Post Time:Apr 07,2009Classify:Company NewsView:349

To the surprise of just about everyone, sales of LCD flat-panel televisions have stayed healthy around the world amid the worst economic downturn since the Great Depression. February unit sales of LCD, or liquid-crystal-display, TVs rose 39% in the U.S. from the year-earlier period, according to the consumer research outfit NPD Group. Sales in Japan rose 30% year over year. Europe posted a 49% gain, and China a 109% leap - both based on January data, the latest available, from BCN Ranking, a consumer electronics research group in Japan.

Scott Pollack for Barron´s
That demand, coupled with sharply curtailed inventories of glass and glass panels used to make LCD TVs and monitors, is creating a nice reversal of fortune at the world´s premier maker of specialty glass: Corning (ticker: GLW).
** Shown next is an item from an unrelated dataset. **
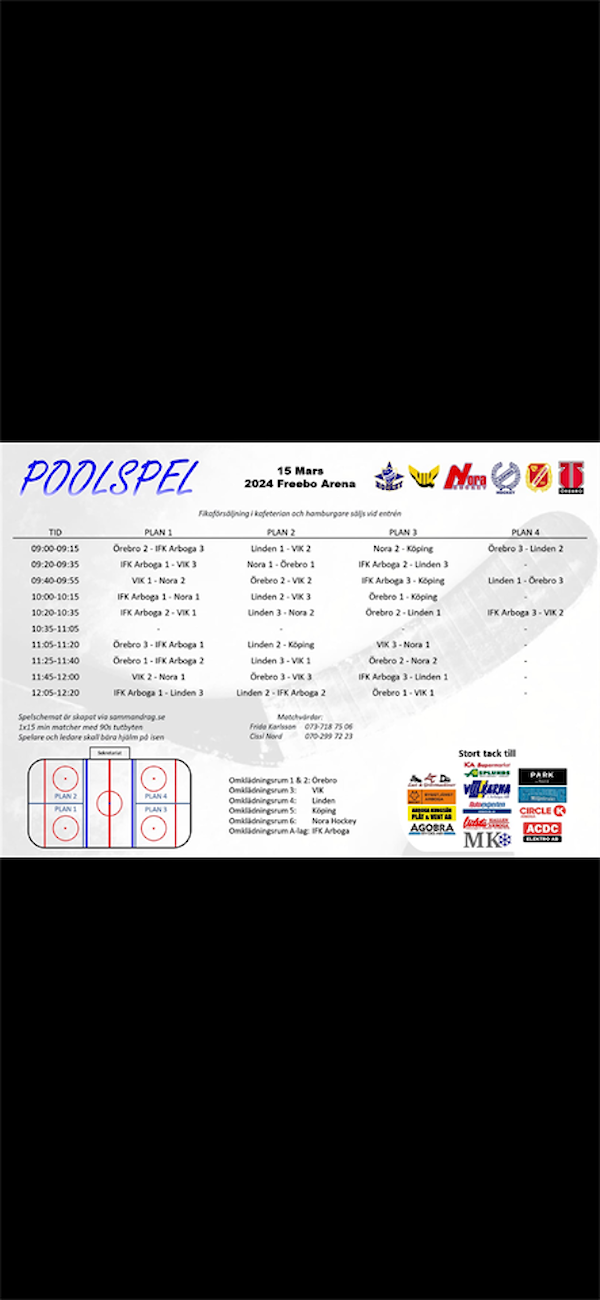 Spelschemat för Hallstahammar hittar ni under dokumentet, poolspel, Hallstahammar 15 mars.
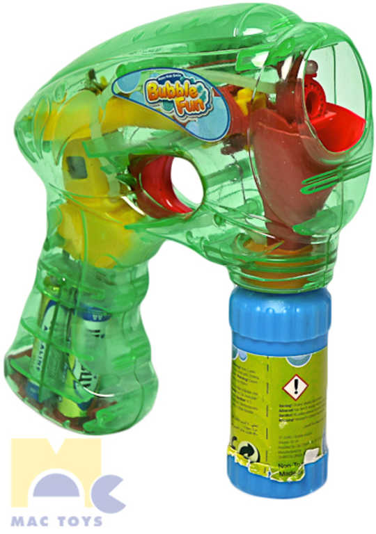 Bublifuková pistole, která při výrobě bublin svítí. Zmáčkni spoušť a sleduj záplavu bublin.

The nearly 160-year-old company, which has a market value of about $24 billion, now expects to report a profit in the first quarter, excluding special items, compared with a previous break-even forecast for the quarter.

Corning, which supplies the glass for more than half the LCD market and derives about 90% of its net income from those sales, now expects its total glass volume for the first quarter to be flat to down 5% - a sharp contrast to its earlier forecast of a decline of 20% to 25%. The company cites an increase in glass orders at both its wholly owned business as well as its Samsung Corning Precision Glass joint venture, based in Seoul.

Though worldwide sales of televisions are expected to fall this year by about 4% - the first significant decline since the energy crisis in 1975 - Corning sees LCD TV sales rising by about 9%, as these sets, increasingly more affordable, take market share from the bulky cathode-ray-tube televisions that suddenly seem so old-fashioned.

With business trends firmly on the upswing, expect a rapid acceleration in orders and profits at Corning in the second and third quarters, says Jeff Evenson, an analyst at Sanford C. Bernstein. Last week he raised his 2009 earnings estimate for Corning sharply higher, to 94 cents a share from 65 cents, versus $1.53 in 2008. His estimate for 2010 remains unchanged at $1.11 a share.

Longer term, and as economic recovery takes hold, Thornburg Investment Management portfolio manager Connor Browne sees Corning´s earnings reaching a run rate of $1.50 a share annually. Attaching a normalized multiple of 15 to those earnings would value the stock at $22.50 a share, or 50% up from the current level of about $15.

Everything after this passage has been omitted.